• [WHAT IS REQUIRED]
Print the records below exactly, from the line containing "Chanel Black and" down to the line containing "Two fishing tugs", both lines included, and omit every picture.

• [INPUT MATERIAL]
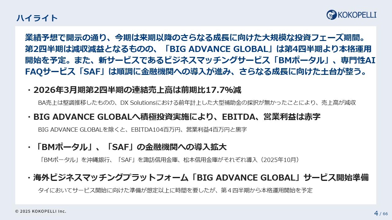 そのほか、「BIG ADVANCE GLOBAL」を除いた部分におけるEBITDAは1億400万円の黒字、営業利益も400万円の黒字となりました。また、先ほど申し上げた新サービスの「BMポータル」「SAF」は、金融機関への導入が拡大しています。
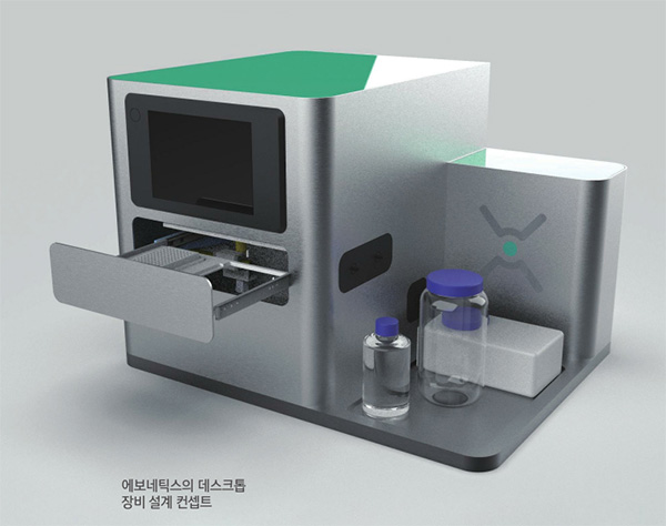 에보네틱스의 DNA 라이터는 구입과 사용이 용이한 플러그 앤 플레이 데스크톱 장비가 될 것이다. 이 제품은 고도의 병렬 합성이 가능하고 매우 복잡하게 설계된 일회용 전용 카트리지를 통해 다양한 기능과 애플리케이션을 지원할 것이다.
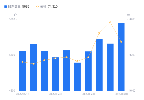 近一年(2024年9月30日至2025年9月10日),安杰思A股股东户数从5657户,减低至5635户,降幅0.39%,区间股价上涨36.28%。
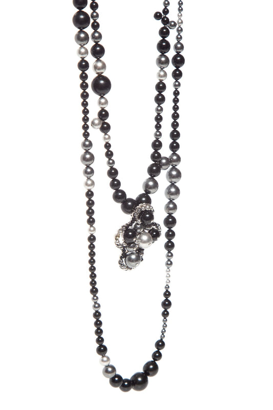 Chanel Black and Silver Faux Pearl CC Multistrand Necklace -AS IS
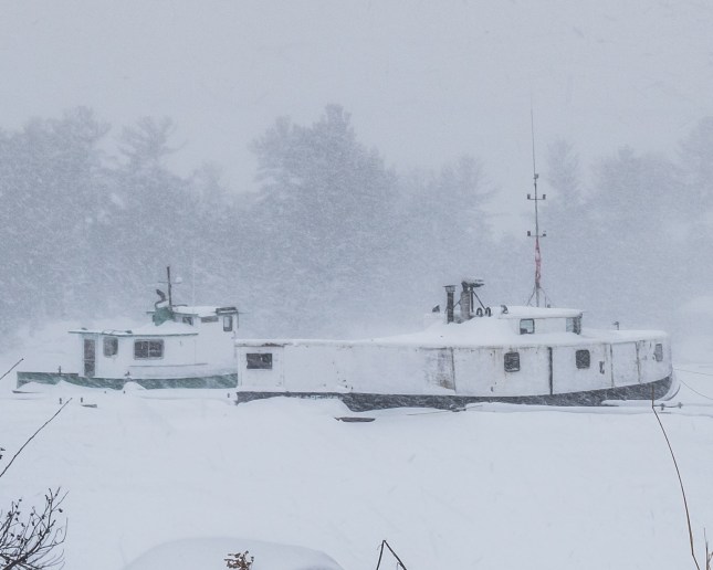 Two fishing tugs resting at Bayfield Inlet for the winter.
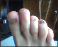 Aamu oli vastahakoinen. Oikea jalka on sen näköinen, että jos se olisi jonkun muun jalka niin en viitsisi katsella. Ulkosyrjään on kantaluun viereen haavan kohdalle tullut painauma joka on aivan musta. Iho on koko kantapään alueelta aivan punainen ja hieman turvonneen oloinen. En laittanut uutta Compeedia siihen päälle vaan ajattelin kokeilla ilman. Huomasin myös että oikean jalan nimetön varvas on aivan musta ja siitä lähtee kynsi… Mistäköhän sekin.
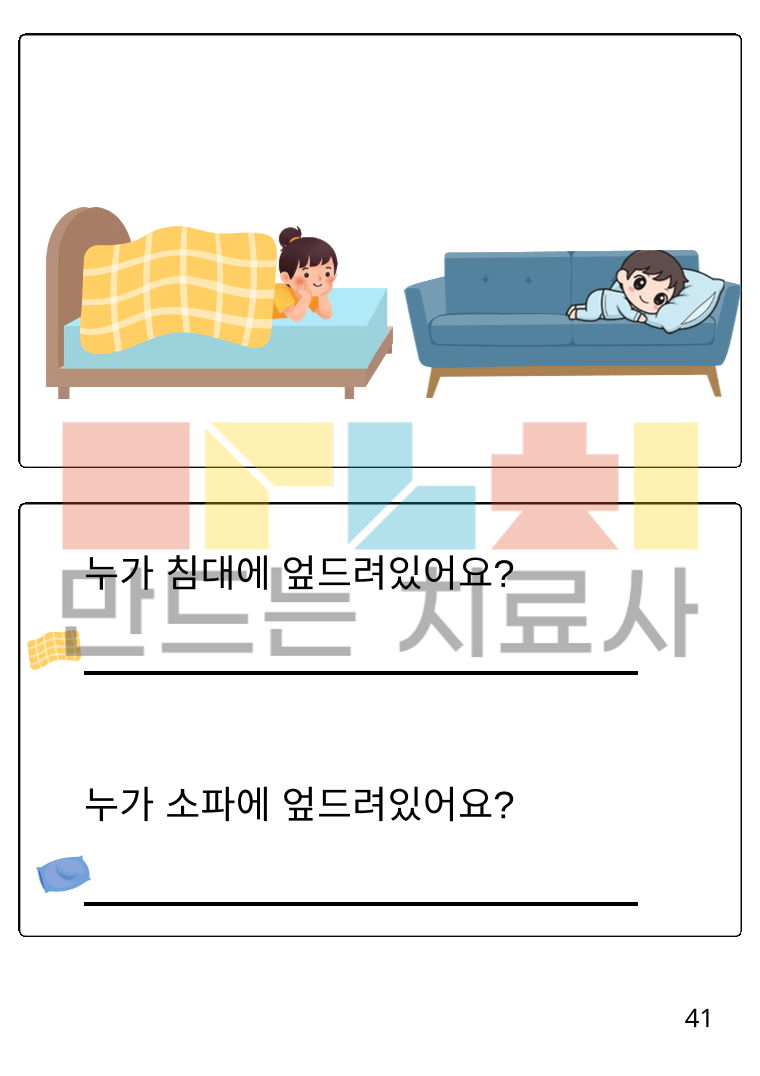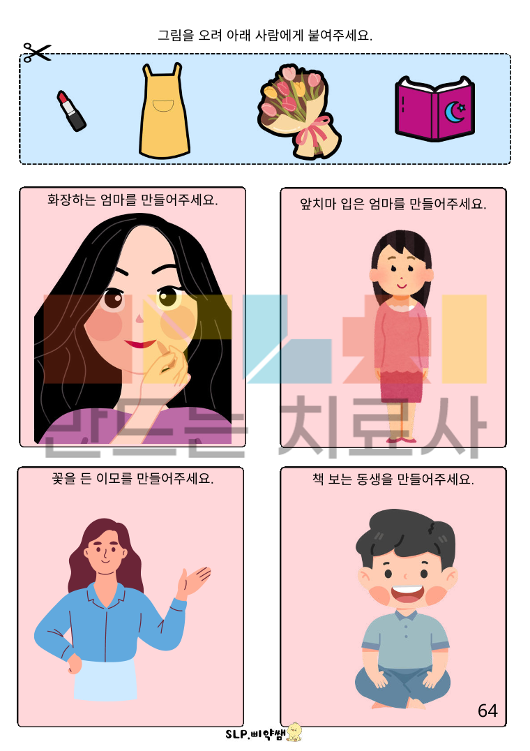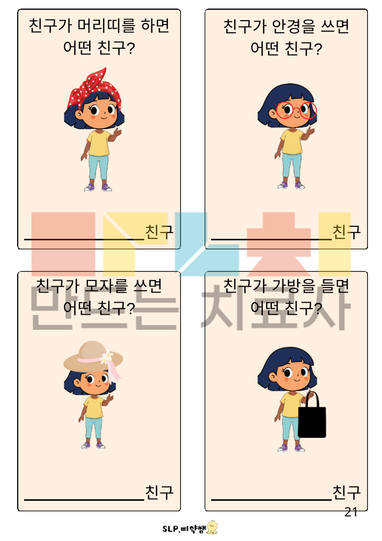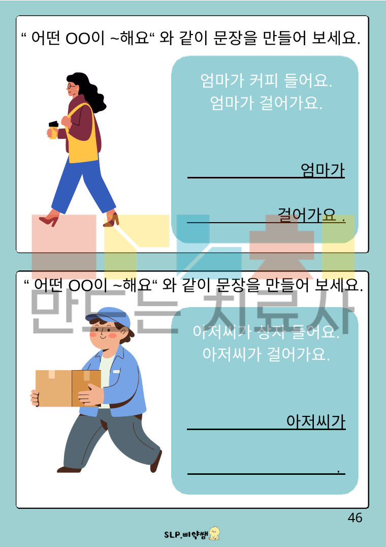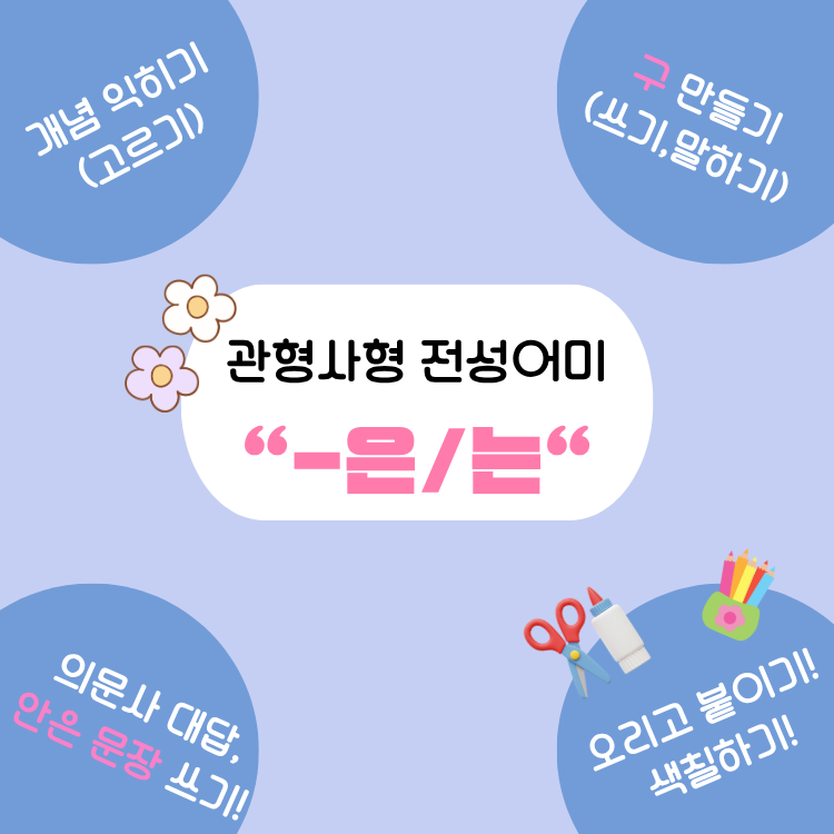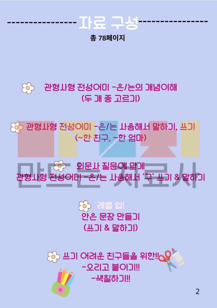 안녕하세요, 삐약쌤입니다. 관형사형 전성어미 '은,는' 자료를 가져왔습니다. 아이들에게 "누가 했어?"라고 물어보면 그냥 "친구, 동생, 엄마, 아빠"이렇게 단순하게 대답하는 경우가 많죠. 심지어 같은 그림에 온통 다 친구들인 경우에도 그냥 "친구"라고 표현합니다. 그럼 선생님들이 다시 "어떤 친구?"하고 되묻게 되지요... 그런 경우에 우리 아이들은 어떻게 말할 지 몰라 주고 받기가 끝나는 경우가 대부분입니다. 좀 더 자세하게 설명할 수 있도록" ~한 친구"와 같이 관형사형 전성어미를 사용한 구문으로 말할 수 있도록 여러가지 구성으로 준비하였습니다. 조금 더 능력이 된다면, "구"를 넘어 "복문(안은 문장)" 문장으로까지 확장할 수 있도록 하였습니다. 아직 글 쓰기, 읽기가 미숙한 친구들을 위해 색칠하면서 구문 만들기, 오리고 붙이면서 구문 만들기 자료를 함께 만들었으니 선생님들께서 알맞게 조절해서 사용하시면 좋을것 같습니다. 다양하게 준비하였으니, 전부 혹은 일부를 아동에게 맞춰서 유용하게 사용될 수 있기를 바랍니다. 목차나 내용은 아래 미리보기에 포함시켰습니다. 감사합니다.

• [ANSWER FOR THIS EXERCISE]
 Chanel Black and Silver Faux Pearl CC Multistrand Necklace -AS IS
 Two fishing tugs resting at Bayfield Inlet for the winter.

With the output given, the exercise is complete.